§ Exercise brief
Every line from the one containing "friendly masculine model" to the end of the listing below should be transcribed exactly, and no line outside that span should appear.

§ Data records
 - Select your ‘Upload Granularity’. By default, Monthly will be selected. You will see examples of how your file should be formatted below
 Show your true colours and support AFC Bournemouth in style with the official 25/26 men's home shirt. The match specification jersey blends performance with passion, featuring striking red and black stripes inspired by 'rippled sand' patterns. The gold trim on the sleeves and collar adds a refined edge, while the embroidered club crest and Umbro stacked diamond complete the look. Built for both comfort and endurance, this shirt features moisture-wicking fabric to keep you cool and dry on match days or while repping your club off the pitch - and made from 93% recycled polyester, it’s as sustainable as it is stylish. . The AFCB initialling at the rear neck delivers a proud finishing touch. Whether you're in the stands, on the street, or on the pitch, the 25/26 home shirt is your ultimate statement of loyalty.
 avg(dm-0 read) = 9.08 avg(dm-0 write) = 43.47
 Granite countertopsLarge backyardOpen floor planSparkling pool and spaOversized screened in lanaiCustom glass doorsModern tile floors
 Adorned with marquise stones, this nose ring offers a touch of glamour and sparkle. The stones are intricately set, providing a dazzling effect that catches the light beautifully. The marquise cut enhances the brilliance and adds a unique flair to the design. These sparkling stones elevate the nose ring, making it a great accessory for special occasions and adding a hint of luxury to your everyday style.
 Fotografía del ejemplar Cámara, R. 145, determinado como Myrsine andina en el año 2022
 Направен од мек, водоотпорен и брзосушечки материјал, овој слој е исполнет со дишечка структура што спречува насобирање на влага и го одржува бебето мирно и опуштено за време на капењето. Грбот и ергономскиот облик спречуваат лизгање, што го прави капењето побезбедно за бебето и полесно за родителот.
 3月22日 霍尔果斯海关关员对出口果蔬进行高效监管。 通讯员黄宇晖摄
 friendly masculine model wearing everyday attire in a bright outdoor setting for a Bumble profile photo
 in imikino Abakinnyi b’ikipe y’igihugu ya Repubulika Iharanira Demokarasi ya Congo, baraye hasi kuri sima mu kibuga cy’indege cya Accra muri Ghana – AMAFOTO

§ Task response
 friendly masculine model wearing everyday attire in a bright outdoor setting for a Bumble profile photo
 in imikino Abakinnyi b’ikipe y’igihugu ya Repubulika Iharanira Demokarasi ya Congo, baraye hasi kuri sima mu kibuga cy’indege cya Accra muri Ghana – AMAFOTO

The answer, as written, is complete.